On the Republican side, Sen. John Cornyn and Attorney General Ken Paxton now head to a runoff after neither candidate secured a majority of the vote. The contest has already become one of the most expensive Senate primaries in American history, with more than $130 million spent overall. If the runoff continues, it’s likely to draw another aggressive wave of spending and national attention.
Yet the same question remains unanswered by either candidate: Who is actually speaking to the voters who will decide this election?
Whoever emerges from the GOP will face a Democratic nominee who demonstrated that appealing to Hispanic communities and rural voters can reshape the political map in ways many analysts did not expect.

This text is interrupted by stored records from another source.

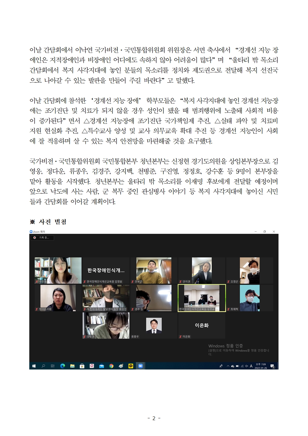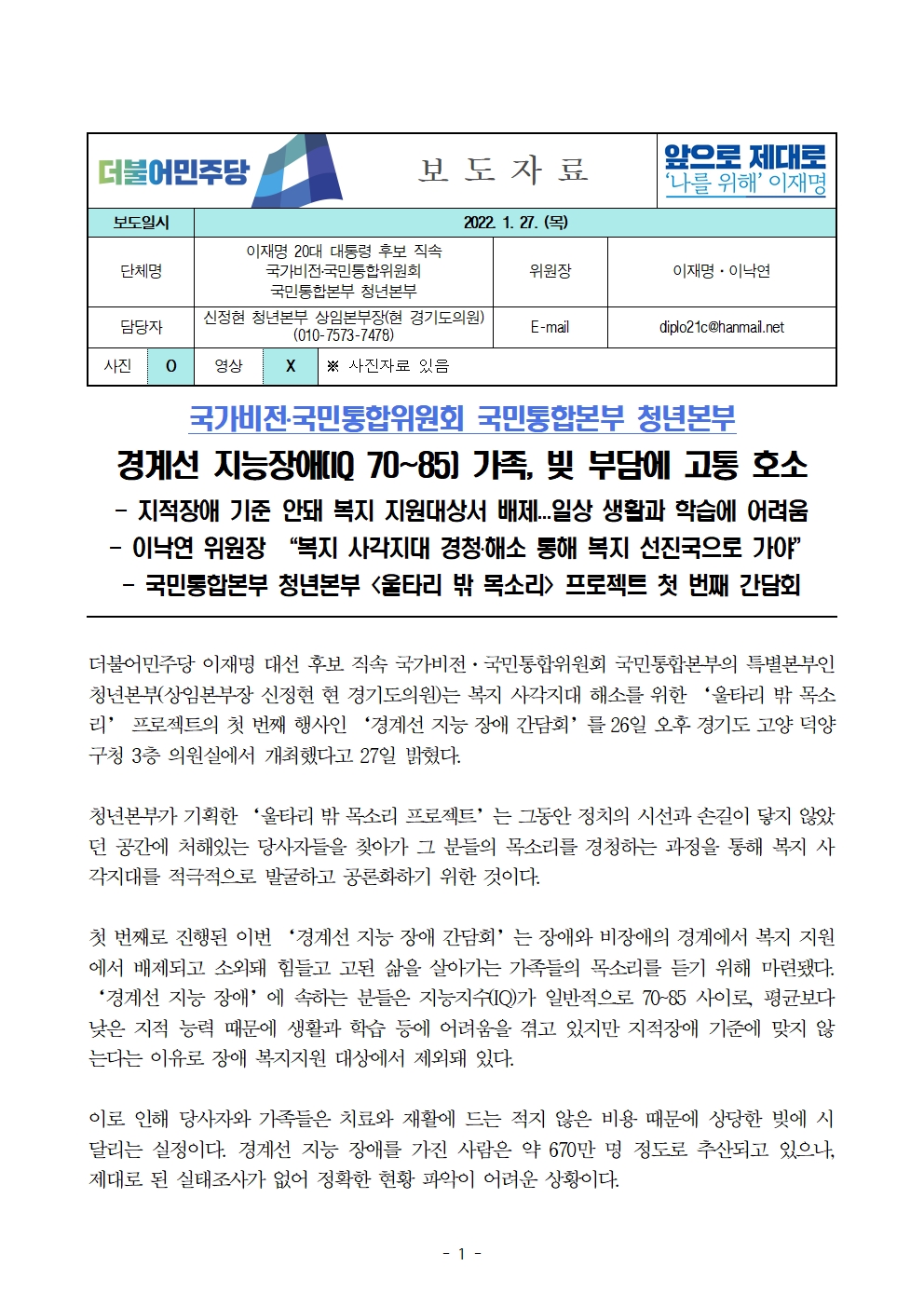 [보도자료] 더불어민주당 선대위 국가비전·국민통합위원회 국민통합본부 청년본부, '경계선 지능 장애 간담회' 개최
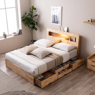 [삼익가구]러버 LED 4단 수납 원목 침대(매트제외-퀸), 내추럴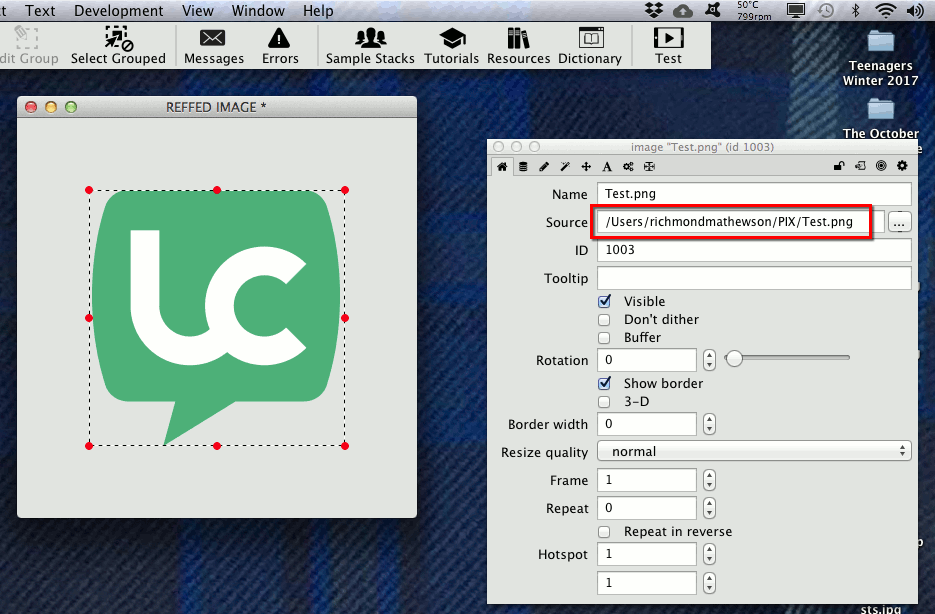 Why don't you use -> specialfolderpath("home") (or -> $HOME for *NIX based OSses) to set the image path? That will work on all desktop platforms. 8)
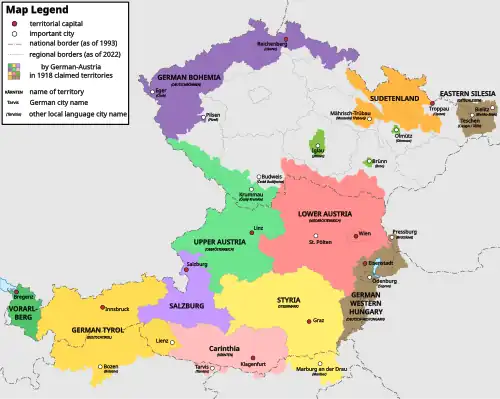 Provinces claimed by German Austria, with the subsequent border of the First Austrian Republic outlined in red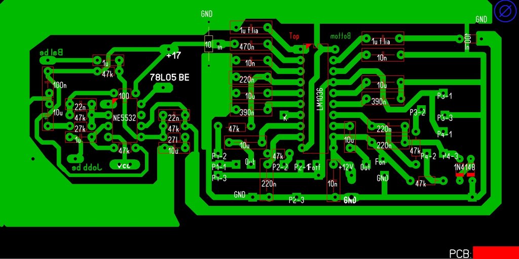 De minden alkatrész méretet meg tudsz mérni pontosan a sprintlayout-ban ![]() Szabályzó potik lineárisak. Javaslom, hogy az NE5532 táp lába közelébe tegyél egy 10-100 nF kerámia kondit ez még az én tervemről hiányzik. R2-R7 az nálam egy 47k sztereó poti. Így 0-2,5x között tudom állítani az előerősítést. Értékek ez alapján: http://www.hobbielektronika.hu/forum/files/55/5577a52635d5fe8d98d15...57.jpg Figyelj rá, hogy a két dióda sincs még a tervemen a hangerőszalyzón. Az én a vezetékbe építettem. Mindját adok képet is.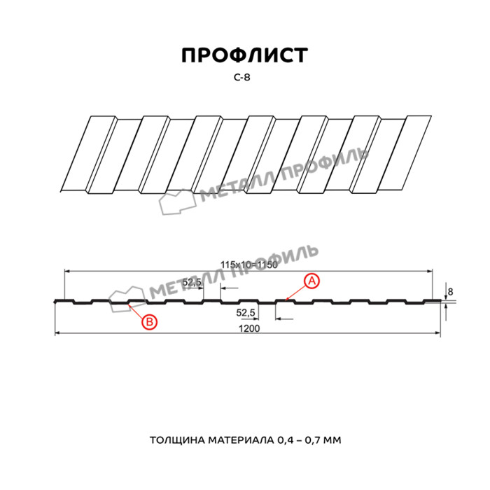 Профлист Металл Профиль С-8 0.35 и менее Полиэстер RAL 1014 Слоновая кость | B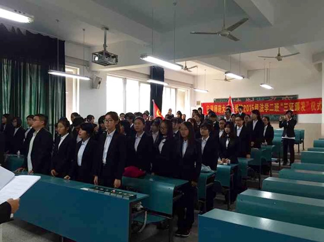2015年10月25日,15法学二班全体成员进行了“三证颁发”仪式,本次活动由团支部书记李柔柔同学主持。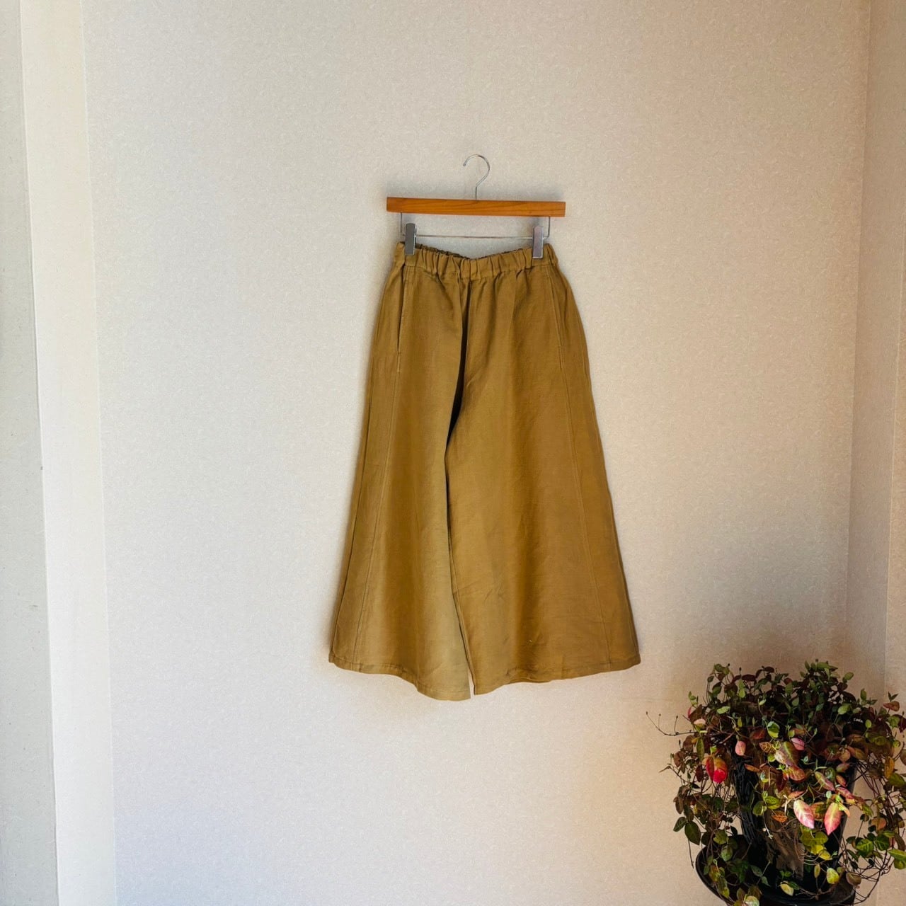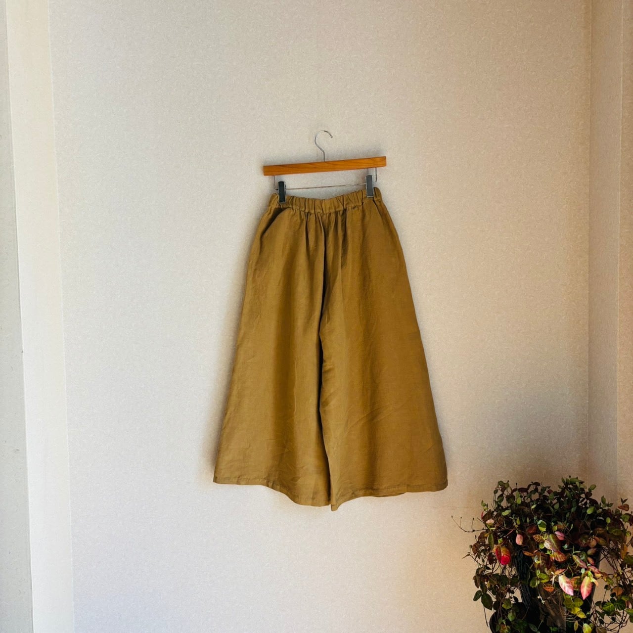 +2 リネンコットンツイル天日干しワッシャーワイドパンツ (キャメル)60286

Talarico’s victory relied on building support across rural regions and Hispanic communities that are often overlooked. As the only candidate to engage local Spanish-language networks such as Univision, a trusted voice that has local reporters in virtually every Hispanic community, it provided him the much-needed boost to cross the finish line.
As our eyes shift to November, I wonder how any candidate can aspire to represent one of the most entrepreneurial states, one that is also Hispanic-dominant, while avoiding engagement with the very voters who define it.
The next senator for Texas will not be determined solely by campaign spending or party loyalty. It will be the candidate who understands where Texas is headed and engages the voters driving that change. Talarico’s victory in the Democratic primary is proof of that.
Javier Palomarez is the president and CEO of the nonpartisan United States Hispanic Business Council, which advocates on behalf of Hispanic-owned small businesses. He lives in the Fort Worth area.